New York City Transit’s Graphics Standards Manual, designed by Massimo Vignelli and his team at Unimark International in 1970, stands the test of time as the paragon of sign design in the city’s subways. Over the years, the rout-indicator bullet colors have been unified, and the double letters and confusing QJ and QB designations have been simplified. But absent a switch in letter coloring from black-on-white to white-on-black, Vignelli’s signs have withstood the test of time as the key wayfinding elements underground.

The system doesn’t always work properly. I’ve been critical of the information presented on signs discussing divergent routes. It takes some base level of knowledge, for instance, to understand the way the B and D run after crossing the Manhattan Bridge and what service patterns are like once the B stops running but the D doesn’t stop at DeKalb Ave. Additionally, some of the MTA’s later additions not included in Vignelli’s manual are flat-out ungainly. The signs that shorten platform to “plat” are among the worst around.

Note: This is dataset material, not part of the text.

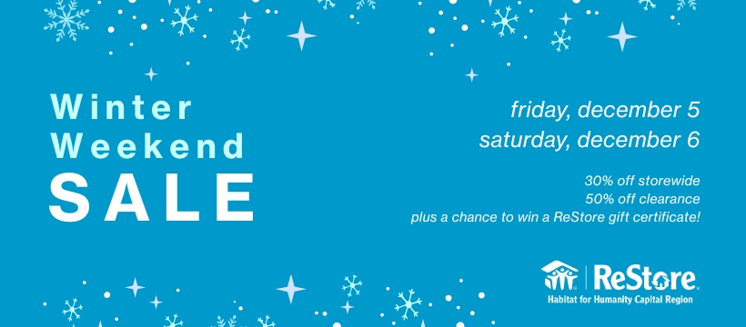 Winter Weekend Sale Friday, December 5th, 9 AM – 6 PM Saturday, December 6th, 10 AM – 3 PM Lansing, St. Johns, and Williamston ReStores Thank you for helping us celebrate National Thrift Shop Day 2025 by supporting your favorite local thrift store: Habitat Capital Region ReStore! Event Highlights ❄️ Save the Date! ❄️ Our…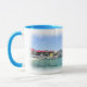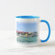 Enjoy que sonha sobre umas férias das caraíbas às ilhas de Grande Caimão ao apreciar sua bebida quente com esta caneca bonita. Este seascape colorido de um porto de chamada é definida uma "picareta mim acima de".

Still, Vigenlli’s philosophy survives the test of time because of its simplicity. Whereas his subway map oversimplified New York City and the subway schematic, his signs present information riders need when they need it, not before and not after. To understand how this works, point your favorite web browser over to TheStandardManual.com. A few enterprising designers — all associated with Pentagram Designs — have published high-res photos of each page of The Standards Manual, and it gives the design-obsessed among us a chance to delve into the history of signage. Before Vignelli, it was a mess; after, it’s a unified system of generally clear signage.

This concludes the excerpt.